** Opening EXERCISE INPUT block **
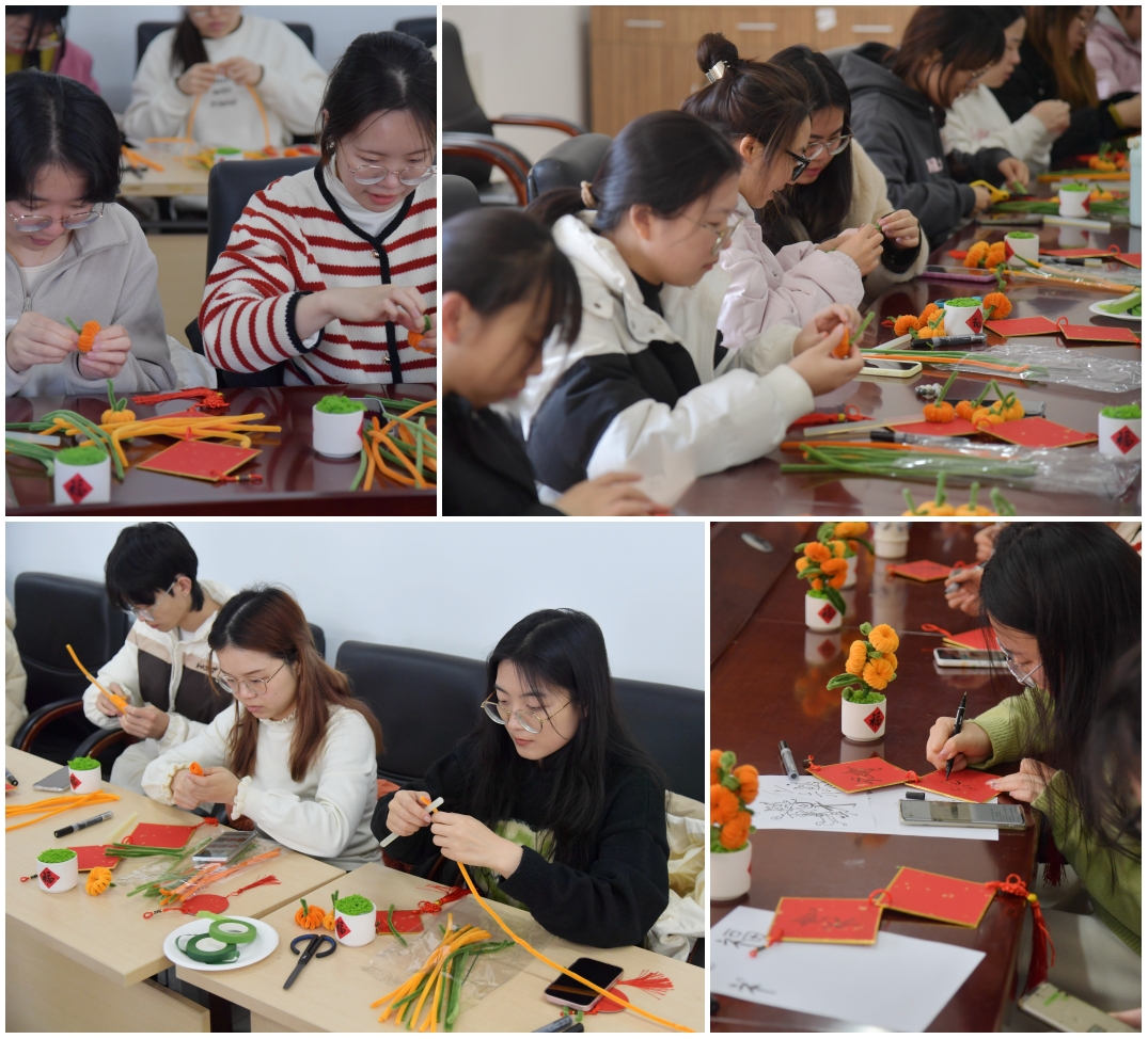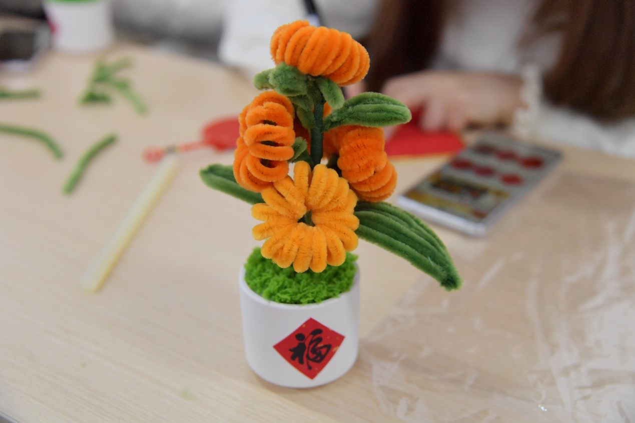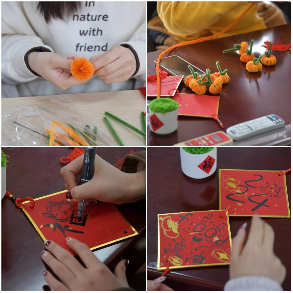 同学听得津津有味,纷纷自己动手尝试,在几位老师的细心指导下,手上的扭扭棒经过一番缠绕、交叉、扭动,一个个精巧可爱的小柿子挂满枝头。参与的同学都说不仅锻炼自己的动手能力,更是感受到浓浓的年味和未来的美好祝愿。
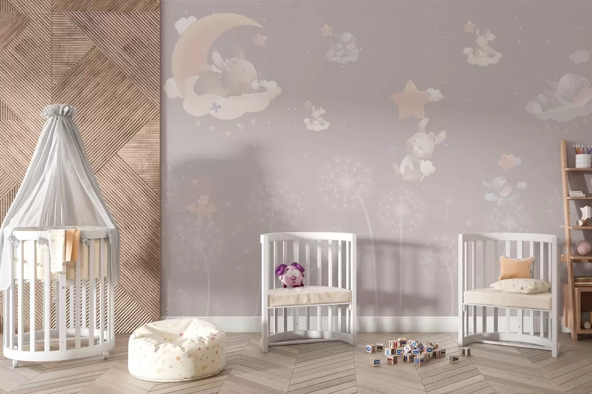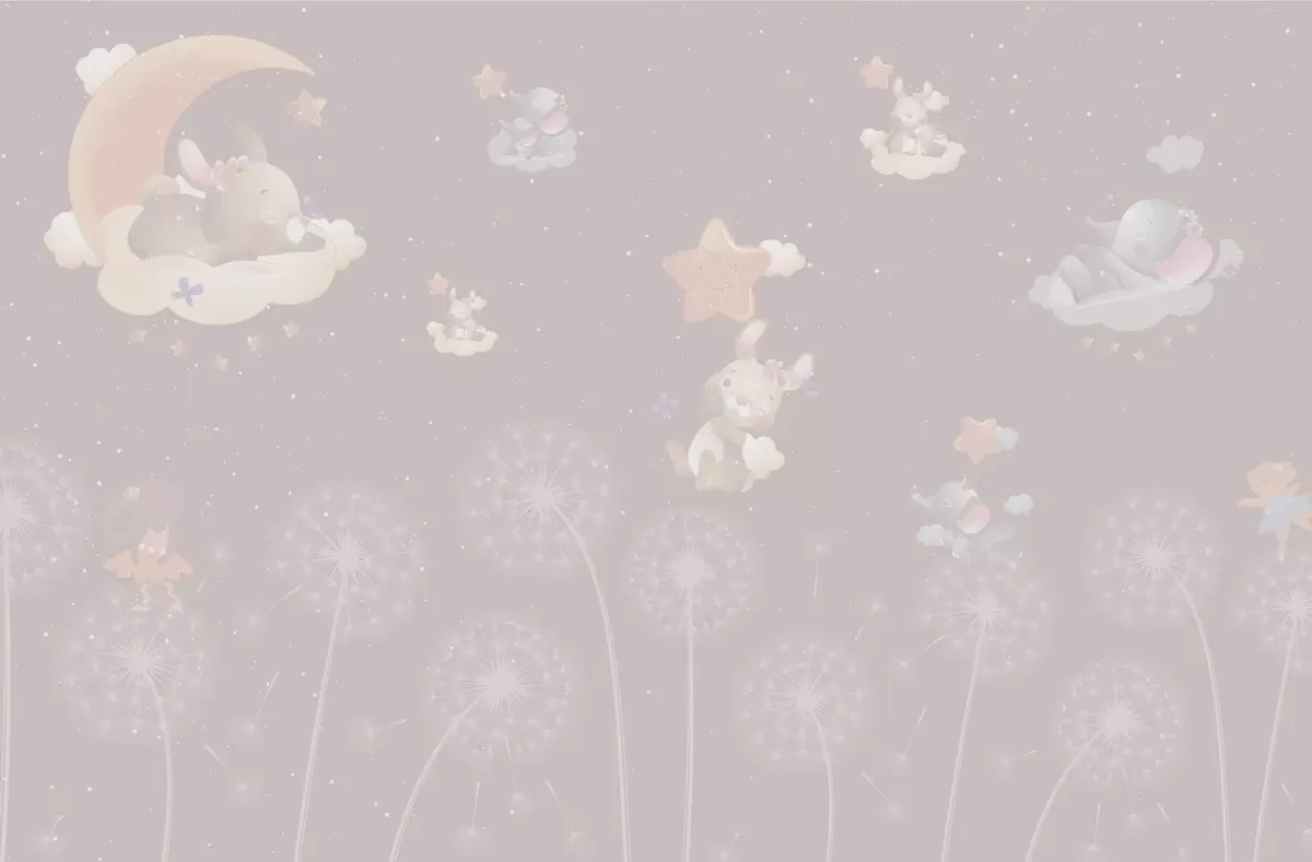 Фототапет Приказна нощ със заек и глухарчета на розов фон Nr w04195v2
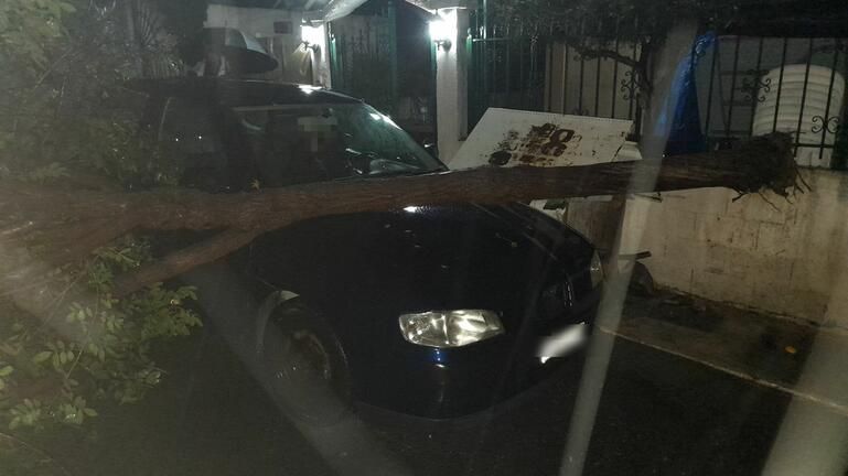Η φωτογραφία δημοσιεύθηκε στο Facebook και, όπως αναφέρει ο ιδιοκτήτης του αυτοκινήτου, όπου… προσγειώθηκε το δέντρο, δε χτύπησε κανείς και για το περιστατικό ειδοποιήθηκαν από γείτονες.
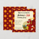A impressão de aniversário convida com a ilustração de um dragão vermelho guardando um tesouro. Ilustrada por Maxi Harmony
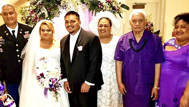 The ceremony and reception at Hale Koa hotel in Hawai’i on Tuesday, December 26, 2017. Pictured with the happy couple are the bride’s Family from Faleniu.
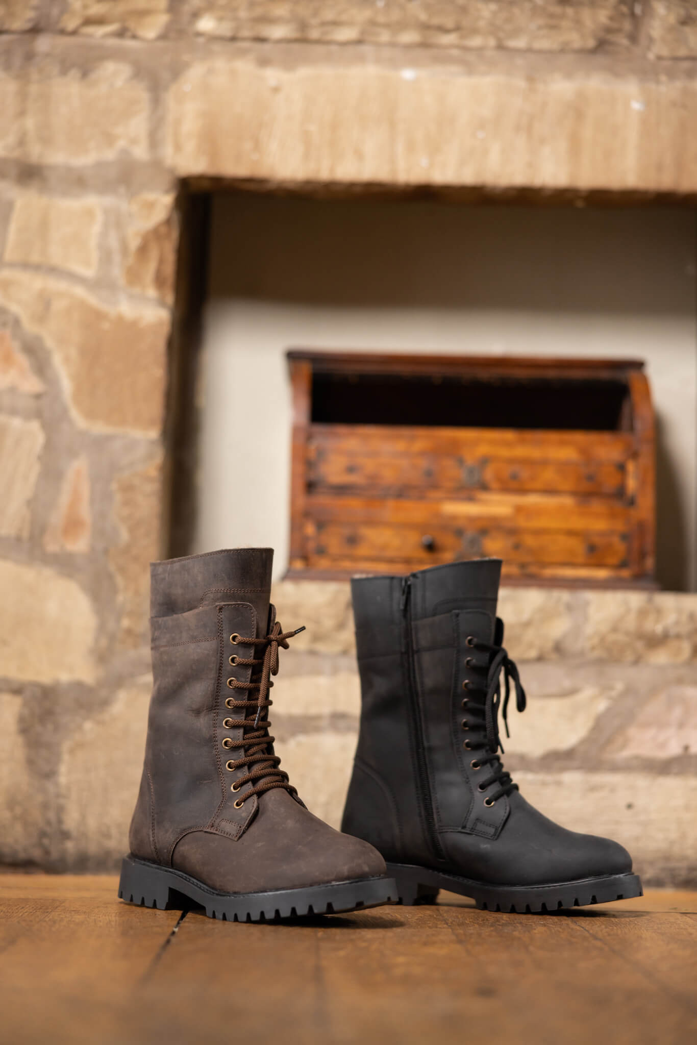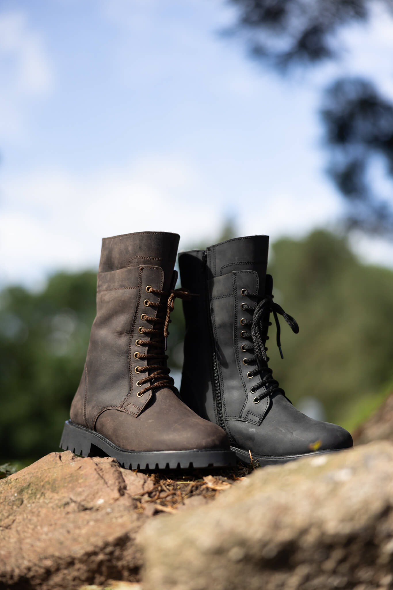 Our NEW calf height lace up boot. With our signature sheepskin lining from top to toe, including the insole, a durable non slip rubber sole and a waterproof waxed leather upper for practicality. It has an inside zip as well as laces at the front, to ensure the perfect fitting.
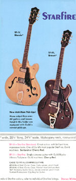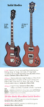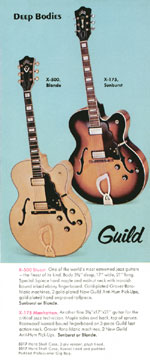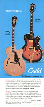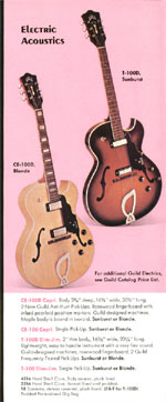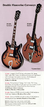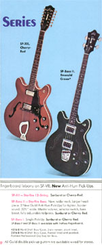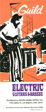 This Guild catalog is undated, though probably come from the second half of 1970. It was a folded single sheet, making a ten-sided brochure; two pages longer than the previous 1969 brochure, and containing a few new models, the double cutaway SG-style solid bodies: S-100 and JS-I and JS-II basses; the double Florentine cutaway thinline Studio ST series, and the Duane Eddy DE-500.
** Closing EXERCISE INPUT block **
## TASK TO COMPLETE:
When you reach the line containing "Фототапет Приказна нощ" in the records above, write out that line and every line after it through the end, exactly, but omit the pictures.

## EXERCISE SOLUTION:
 Фототапет Приказна нощ със заек и глухарчета на розов фон Nr w04195v2
Η φωτογραφία δημοσιεύθηκε στο Facebook και, όπως αναφέρει ο ιδιοκτήτης του αυτοκινήτου, όπου… προσγειώθηκε το δέντρο, δε χτύπησε κανείς και για το περιστατικό ειδοποιήθηκαν από γείτονες.
A impressão de aniversário convida com a ilustração de um dragão vermelho guardando um tesouro. Ilustrada por Maxi Harmony
 The ceremony and reception at Hale Koa hotel in Hawai’i on Tuesday, December 26, 2017. Pictured with the happy couple are the bride’s Family from Faleniu.
 Our NEW calf height lace up boot. With our signature sheepskin lining from top to toe, including the insole, a durable non slip rubber sole and a waterproof waxed leather upper for practicality. It has an inside zip as well as laces at the front, to ensure the perfect fitting.
 This Guild catalog is undated, though probably come from the second half of 1970. It was a folded single sheet, making a ten-sided brochure; two pages longer than the previous 1969 brochure, and containing a few new models, the double cutaway SG-style solid bodies: S-100 and JS-I and JS-II basses; the double Florentine cutaway thinline Studio ST series, and the Duane Eddy DE-500.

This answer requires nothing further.